Have a question about this project? Sign up for a free GitHub account to open an issue and contact its maintainers and the community.

By clicking “Sign up for GitHub”, you agree to our terms of service and privacy statement. We’ll occasionally send you account related emails.

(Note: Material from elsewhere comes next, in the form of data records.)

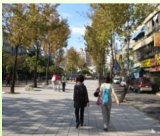
捷運步道-往民權西路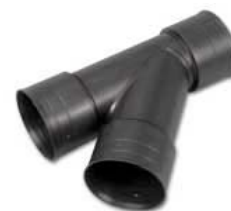
conector T 45°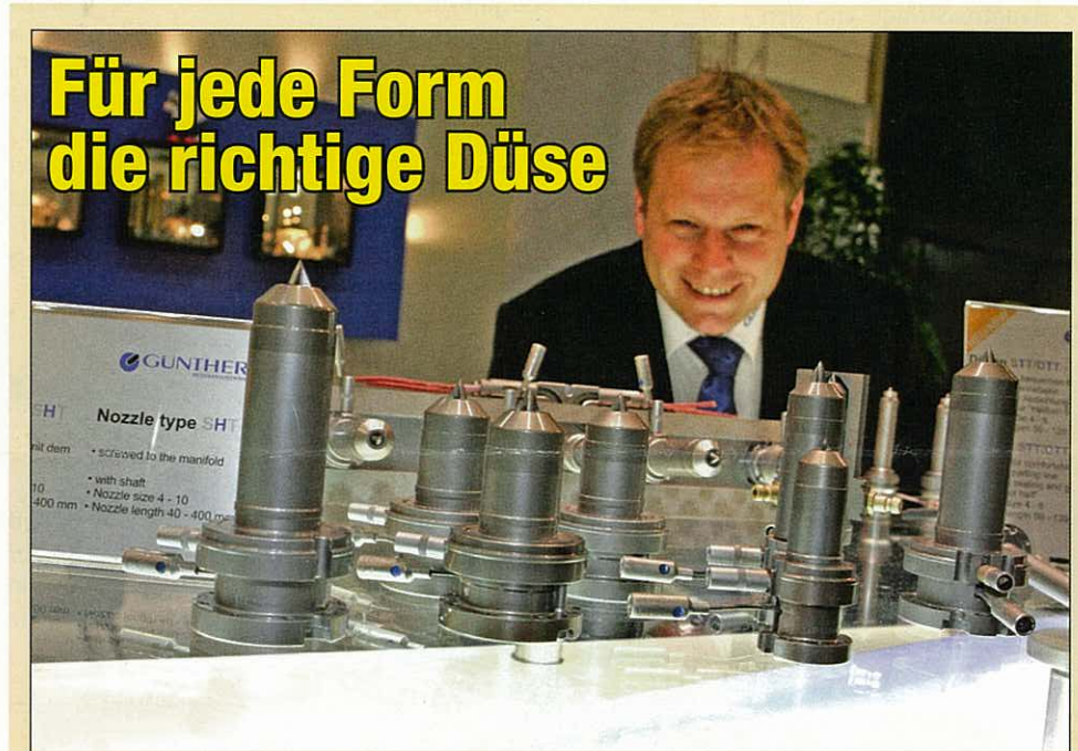
Am 5. Dezember startet die EuroMold 2007 zum 14. Mal. 1.600 Aussteller, über 30 Prozent davon aus dem Ausland, beleuchten die gesamte Prozesskette vom Design bis zum Werkzeug- und Formenbau für die Serienfertigung. Ein zentrales Thema ist der Heißkanal, Trends in Frankfurt sind erweiterte Düsensortimente, wie hier von Günther Heisskanaltechnik, und eine steigende Anzahl von Kavitäten im Werkzeug.

Der Markt für europäische GFK-Produkte wird beherrscht vom Bau- (34,3%) und Transportwesen (33,3%), in weitem Abstand gefolgt von Sport/Freizeit (17,8%) und Elektrotechnik/Elektronik (10,9%). Lediglich 3,7% der GFK-Produkte gehen in andere Segmente. Von der guten Baukonjunktur profitiert vor allem die Elektrotechnik/Elektronik. Aber auch das Bauwesen selbst hat im Vergleich zu den anderen Segmenten leicht zugenommen. Als Fachverband der Hersteller von verstärkten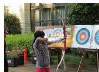
アーチェリー体験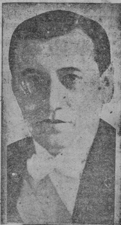
En las elecciones presidenciales ha sido elegido por gran mayoría el ex-presidente Arturo Alessandri

y para formularla, de su puño y letra entregó a sus edecanes la siguiente lista: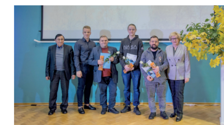
0-23S grupa kvalifikācija "Siltumapgādes un apkures sistēmu tehniķis"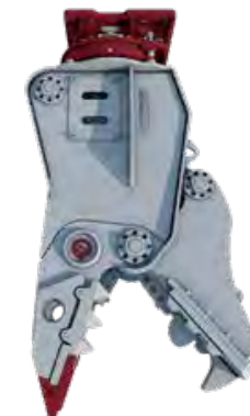
ECOLINE - DLP, DSP, DCC Ny serie från Demarec. Semiproffsredskap som ger mycket verktyg för pengarna.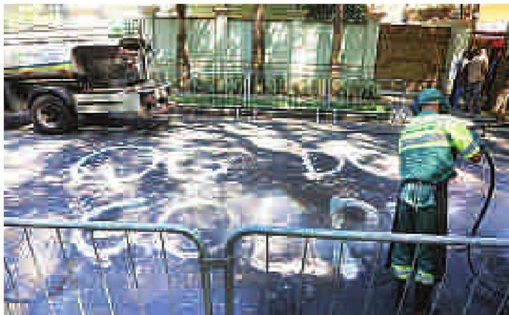
Funcionários de empresa contratada pela Prefeitura limpa o chão

Duas horas depois, um caminhão de limpeza de uma empresa que presta serviço para a Prefeitura de São Paulo chegou ao local para lavar a rua e apagar a frase que havia sido pintada no asfalto. Após o protesto, Temer decidiu, por orientação da segurança da Presidência, embarcar para Brasília. Ele deixou São Paulo rumo à capital federal em um avião da Força Aérea Brasileira por volta das 16h30. A previsão inicial era de que Temer passasse o feriado e o fim de semana na capital paulista fazendo reuniões.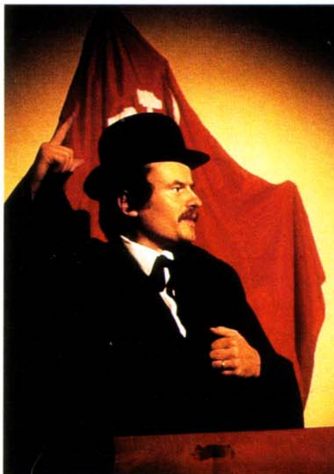
Il Gruppo teatro Angrogna ha messo in scena gli avvenimenti legati all'occupazione della Mazzonis nello spettacolo "Pralafera 1920".

«Gli avvenimenti di questi giorni – chiosò L'Eco, cercando una posizione di compromesso – dimostrano a luce chiarissima quanto sia deficiente e difettoso il regime che il liberalismo ha instaurato nel campo del lavoro: e quanto sia necessario rimediare ricorrendo non alle ingiuste e utopistiche teorie socialiste, ma alle grandi, organiche concezioni della sociologia cristiana» 5 . E indicò il neonato Partito popolare come punto di riferimento politico.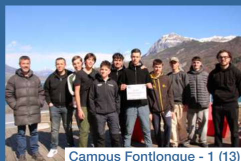
Campus Fontlongue - 1 (13)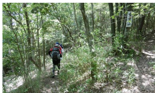
⑧ 安倉山(頂上には行かず巻き道通過)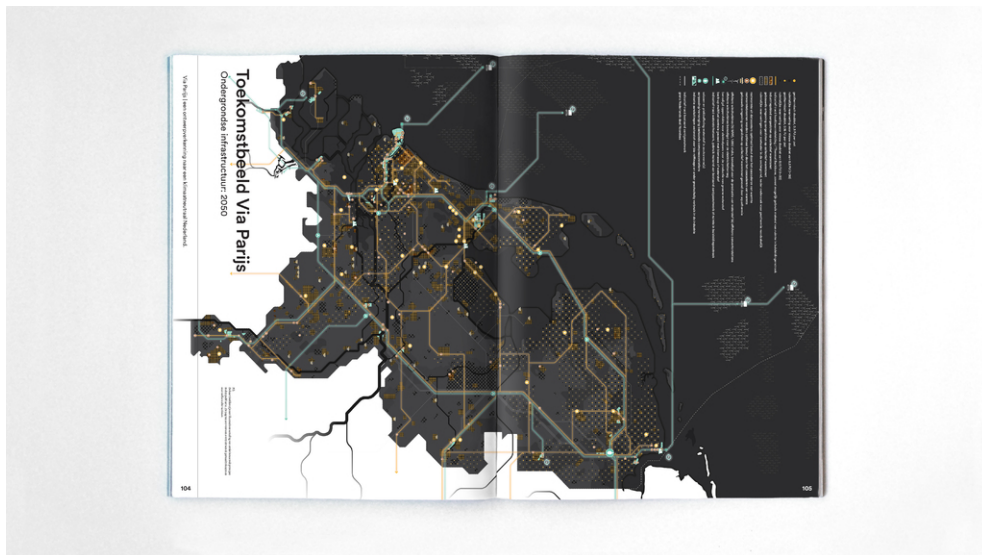
Een mogelijk toekomstbeeld van een postfossiel Nederland; de ondergrond in 2050.

De energietransitie kan leiden tot een contrastrijker Nederland en niet tot meer eenvormigheid.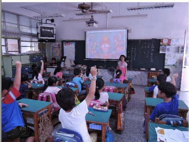
說明：班級視力保健教學-導讀繪本「眼鏡公 主」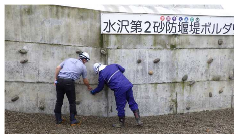
水沢第2砂防堰堤(ボルダリングウォール)

今回の点検において確認された修繕箇所につきましては、既に対応済ですので気軽にご利用下さい！ (各施設へのアクセス方法は当出張所ホームページの「管内の砂防施設」に掲載)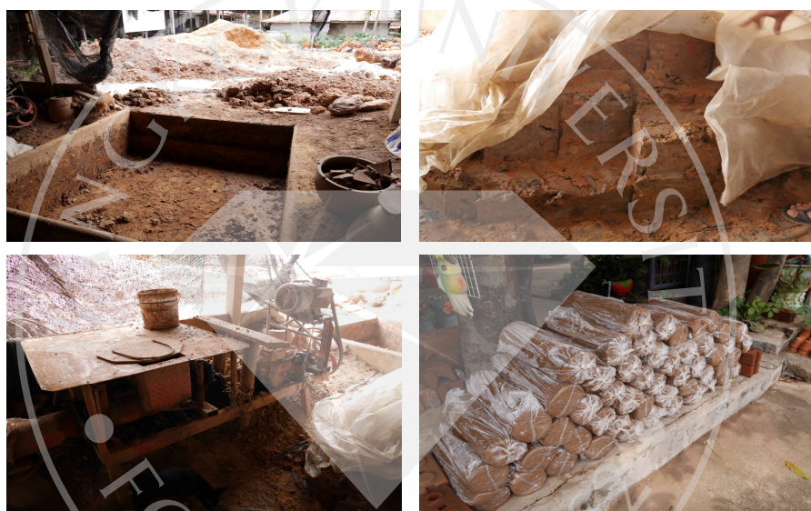
ภาพที่ 2.2: การเตรียมดิน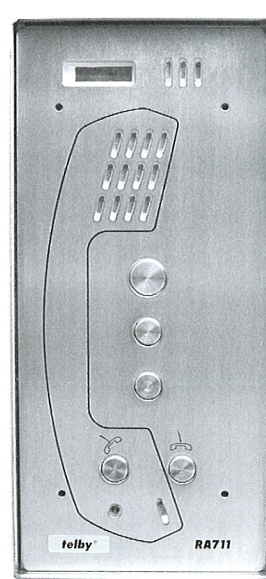
telby RA 711/1113

Already on GitHub? Sign in to your account

Transformers and deepspeed dependency problem #35

Open
ks1212-rgb opened this issue Jan 3, 2025 · 3 comments
Open

Transformers and deepspeed dependency problem #35

ks1212-rgb opened this issue Jan 3, 2025 · 3 comments

Comments

@ks1212-rgb
Copy link

First of all, thank you for your work.

We would like to utilize this excellent model in our research. Specifically, we plan to use run_pretrain.py and run_pretrain.bash to pretrain the model and then extract sequence embeddings from the protein encoder.

However, we are currently unable to proceed due to version issues with transformers and deepspeed.
We followed a solution suggested in an existing issue, which advised not to use the deepspeed.py provided by OntoProtein and instead use the user's own deepspeed.
However, problems related to the version of transformers persist. For example, issues arise with transformers.deepspeed and src.optimization's get_scheduler.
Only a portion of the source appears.